▸ **SOURCE MATERIAL**
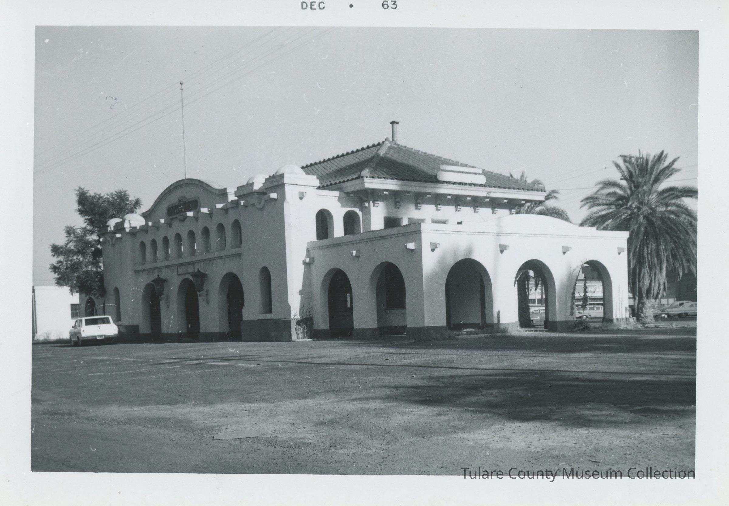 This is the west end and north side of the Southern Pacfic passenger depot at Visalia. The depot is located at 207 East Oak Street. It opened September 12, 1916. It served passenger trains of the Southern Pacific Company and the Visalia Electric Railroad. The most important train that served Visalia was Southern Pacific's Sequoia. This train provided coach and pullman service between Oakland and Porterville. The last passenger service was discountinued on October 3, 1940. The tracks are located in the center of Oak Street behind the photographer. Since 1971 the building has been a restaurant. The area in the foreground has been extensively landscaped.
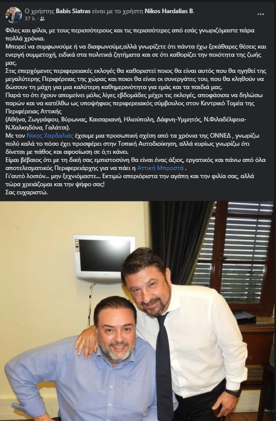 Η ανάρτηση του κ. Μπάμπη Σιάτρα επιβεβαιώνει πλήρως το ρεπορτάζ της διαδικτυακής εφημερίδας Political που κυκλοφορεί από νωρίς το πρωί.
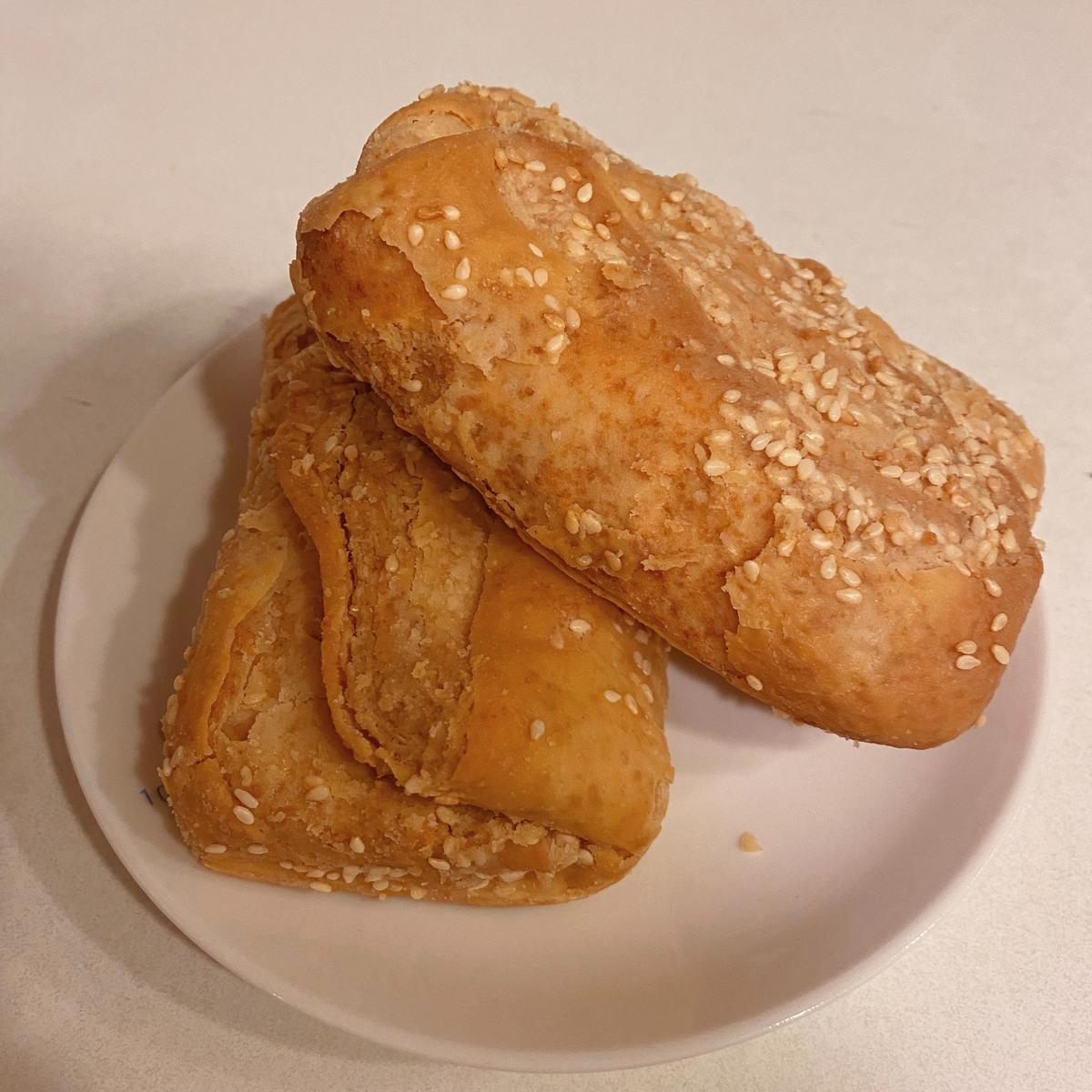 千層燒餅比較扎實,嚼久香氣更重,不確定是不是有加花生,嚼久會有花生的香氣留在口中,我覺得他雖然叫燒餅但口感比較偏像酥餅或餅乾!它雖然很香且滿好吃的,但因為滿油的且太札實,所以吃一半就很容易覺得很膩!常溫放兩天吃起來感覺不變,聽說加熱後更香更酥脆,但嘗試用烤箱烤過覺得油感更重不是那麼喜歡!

▸ **WHAT THE TASK REQUIRES**
Copy the listing character for character, pictures omitted.

▸ **RESPONSE BELOW**
 This is the west end and north side of the Southern Pacfic passenger depot at Visalia. The depot is located at 207 East Oak Street. It opened September 12, 1916. It served passenger trains of the Southern Pacific Company and the Visalia Electric Railroad. The most important train that served Visalia was Southern Pacific's Sequoia. This train provided coach and pullman service between Oakland and Porterville. The last passenger service was discountinued on October 3, 1940. The tracks are located in the center of Oak Street behind the photographer. Since 1971 the building has been a restaurant. The area in the foreground has been extensively landscaped.
 Η ανάρτηση του κ. Μπάμπη Σιάτρα επιβεβαιώνει πλήρως το ρεπορτάζ της διαδικτυακής εφημερίδας Political που κυκλοφορεί από νωρίς το πρωί.
 千層燒餅比較扎實,嚼久香氣更重,不確定是不是有加花生,嚼久會有花生的香氣留在口中,我覺得他雖然叫燒餅但口感比較偏像酥餅或餅乾!它雖然很香且滿好吃的,但因為滿油的且太札實,所以吃一半就很容易覺得很膩!常溫放兩天吃起來感覺不變,聽說加熱後更香更酥脆,但嘗試用烤箱烤過覺得油感更重不是那麼喜歡!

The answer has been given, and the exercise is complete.